Лето медленно змеилось к концу. Каждый день становился чуточку короче, а из глубин Эммы поднималась паника.
Наконец, одним августовским вечером, сидя вместе с мистером Энглеторпом на железной скамейке, девочка собралась с мужеством.
– Мистер Энглеторп, а вы попросите доктора Агассиса, нельзя ли мне… нельзя ли мне ходить в его школу?
Перспектива променять волшебный сад на затхлую тишину холодных залов средь каменных стен, на влажное прикосновение пальцев к шее сзади, когда монахиня указывает тебе, куда идти, казалась невыносимой.
– Ну, разумеется! – торопливо заверил мистер Энглеторп, почувствовав приближение слез. – Не бойтесь, мисс Остервилль. По утрам вы будете заниматься в большом доме с остальными девочками. Вас будут учить тщательно выбранные многомудрые учителя, равно как и сам досточтимый доктор Луи Агассис. А во второй половине дня… ну, вы можете приходить в мое скромное жилище и учить меня всему, что узнали за день.
Эмма улыбнулась. Выходит, все улажено. Не в силах сдержаться, она запрыгала на месте и обняла мистера Энглеторпа.
– О, сэр, спасибо, спасибо!
– Сэр? – переспросил он, прищелкнув языком и погладив длинные каштановые волосы девочки. В этот миг она была благодарна судьбе за все, что случилось в ее жизни до сих пор – за все-все, – потому что не могла представить себе мира более совершенного, чем тот, в котором ей вскоре предстояло очутиться.
Однако оказалось, что ничего не улажено. Джозефина слегла с туберкулезом, и Эмме пришлось помогать в магазинчике, так что прошло целых полторы недели, прежде чем она смогла снова прийти в сад – ей это время показалось вечностью. Наконец, уговорив мать отпустить ее после обеда, девочка стрелой полетела на Куинси-стрит. Подойдя к каретному сараю, она обнаружила, что дверь открыта.
– Эй? – окликнула она. Ответа не было.
Девочка робко зашла внутрь. Мистер Энглеторп, бледный и встрепанный, сидел за письменным столом и что-то яростно писал. Никогда еще она не видела его в таком состоянии. На краткий миг она даже испугалась, а вдруг он тоже подхватил туберкулез, как Джозефина – вдруг весь мир внезапно свалился с одной и той же ужасной болезнью. Во рту у нее пересохло.

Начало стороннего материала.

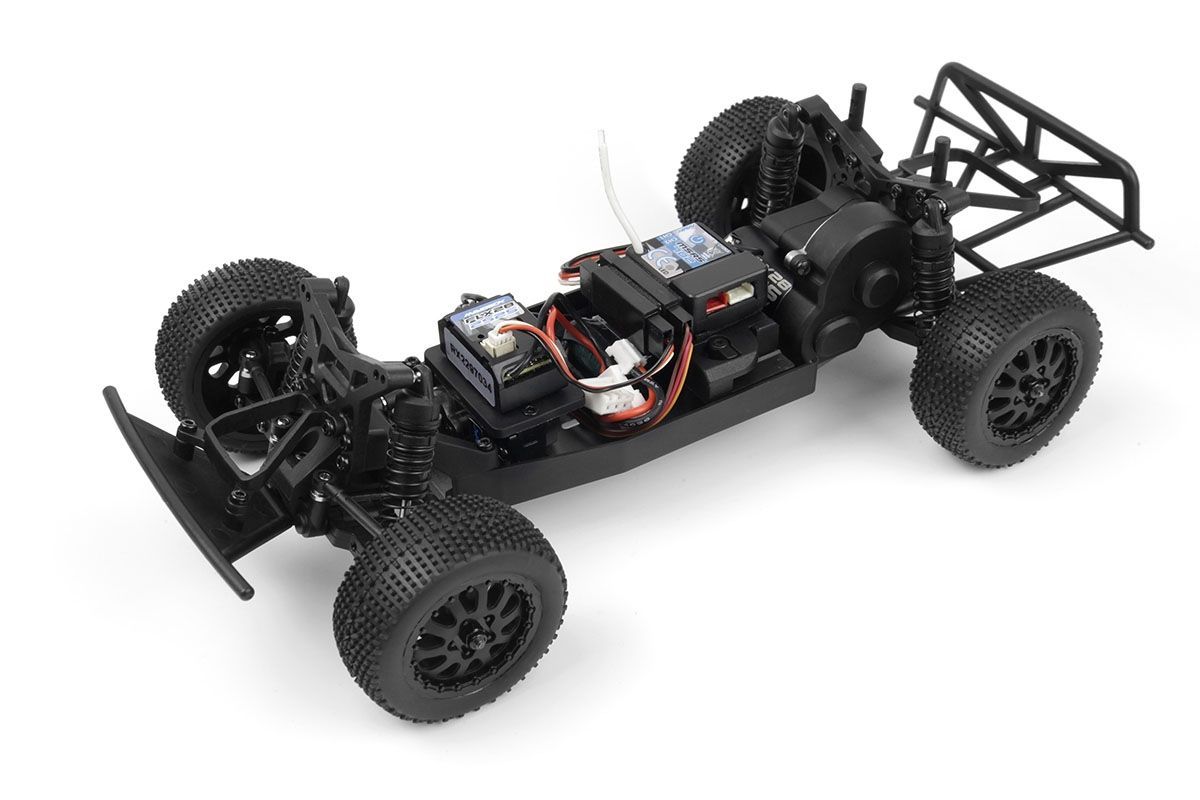 Tento terénní model Short Course Trucku v měřítku 1:24 v sobě spojuje špičkovou závodní technologii s kompaktním podvozkem, se kterým můžete jezdit téměř kdekoli od provizorních halových okruhů až po nerovné dráhy na zahradě.

Она стояла посреди кабинета и молча ждала. Мистер Энглеторп остановился, собрался было снова начать писать, потом отложил перо.
– Он просто сошел с ума! Как может такой… – Он перевел взгляд на Эмму. – Я старался.
– О чем вы? – не поняла она. – Вы больны?
– Милая моя девочка. – Мистер Энглеторп покачал головой. – Он сказал, все классы заполнены. Имей в виду, я ему не верю. Не верю ни единому слову, что он говорит. Я попросил его в самый разгар… пререканий об этой, этой… ужасно недальновидно с моей стороны, и мне очень жаль. Очень, очень жаль.
– О чем вы? – повторила Эмма. Руки у нее ослабели.
– Конечно, если хочешь, можешь все равно приходить сюда после уроков…
Остального Эмма уже не слышала. Выбежав из сада, она промчалась мимо стайки девочек, о чем-то тихо щебечущих на крыльце школы. Они удивленно уставились на нее, потом засмеялись. Это было уже чересчур. Пролетев по тихим тропкам Гарвард-ярда, Эмма выскочила в суету площади, уворачиваясь от конок и разносчиков. Она уже не сдерживала слез, и они ручьем текли по щекам, капали за воротник и собирались в розовых кружевных оборках на платье.
Она поклялась, что больше никогда не вернется в этот сад.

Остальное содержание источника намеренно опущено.